__Material provided__:
+ + + +

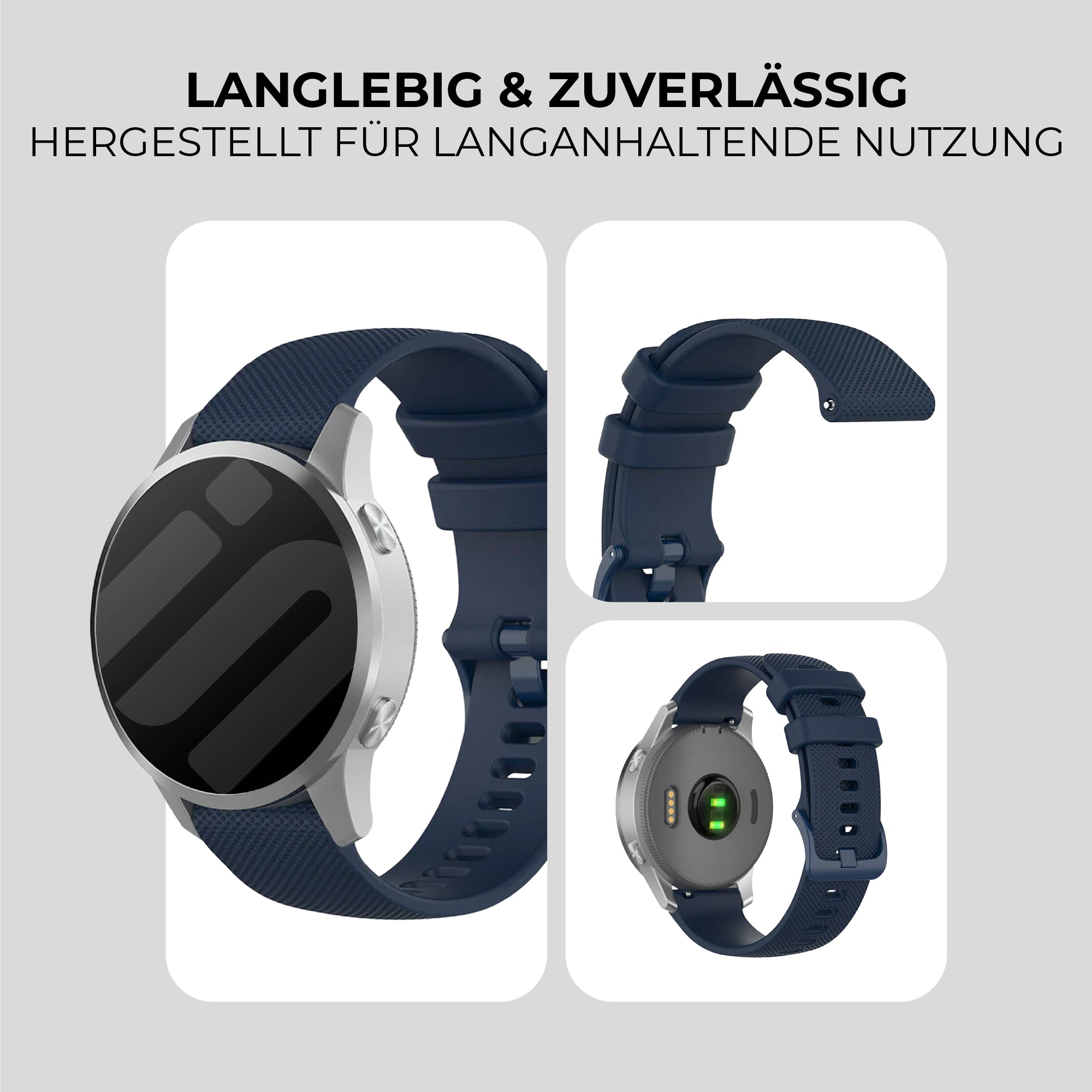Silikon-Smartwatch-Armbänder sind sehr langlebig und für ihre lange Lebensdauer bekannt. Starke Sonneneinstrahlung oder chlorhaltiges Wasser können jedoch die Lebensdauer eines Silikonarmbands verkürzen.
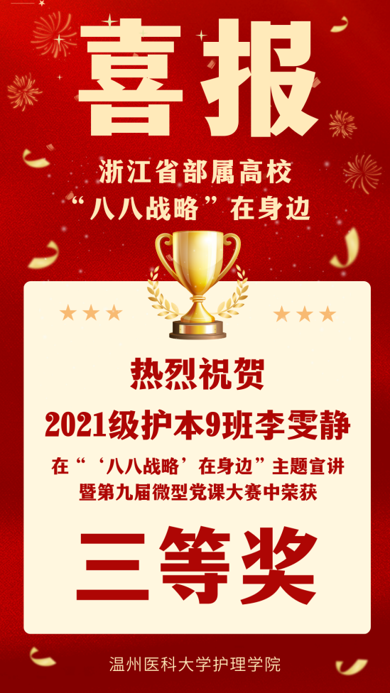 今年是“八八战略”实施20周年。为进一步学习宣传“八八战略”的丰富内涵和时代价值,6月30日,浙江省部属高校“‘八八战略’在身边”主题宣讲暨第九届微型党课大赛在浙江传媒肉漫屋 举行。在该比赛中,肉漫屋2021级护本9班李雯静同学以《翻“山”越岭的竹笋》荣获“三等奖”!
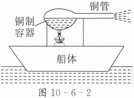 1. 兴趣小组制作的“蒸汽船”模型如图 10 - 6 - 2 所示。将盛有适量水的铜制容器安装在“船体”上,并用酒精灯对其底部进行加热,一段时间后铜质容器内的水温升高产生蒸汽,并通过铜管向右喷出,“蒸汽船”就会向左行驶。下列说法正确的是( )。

+ + + +

__What needs to be done__:
Print the material above exactly as it appears, but not its pictures.

__Solution below__:
Silikon-Smartwatch-Armbänder sind sehr langlebig und für ihre lange Lebensdauer bekannt. Starke Sonneneinstrahlung oder chlorhaltiges Wasser können jedoch die Lebensdauer eines Silikonarmbands verkürzen.
 今年是“八八战略”实施20周年。为进一步学习宣传“八八战略”的丰富内涵和时代价值,6月30日,浙江省部属高校“‘八八战略’在身边”主题宣讲暨第九届微型党课大赛在浙江传媒肉漫屋 举行。在该比赛中,肉漫屋2021级护本9班李雯静同学以《翻“山”越岭的竹笋》荣获“三等奖”!
 1. 兴趣小组制作的“蒸汽船”模型如图 10 - 6 - 2 所示。将盛有适量水的铜制容器安装在“船体”上,并用酒精灯对其底部进行加热,一段时间后铜质容器内的水温升高产生蒸汽,并通过铜管向右喷出,“蒸汽船”就会向左行驶。下列说法正确的是( )。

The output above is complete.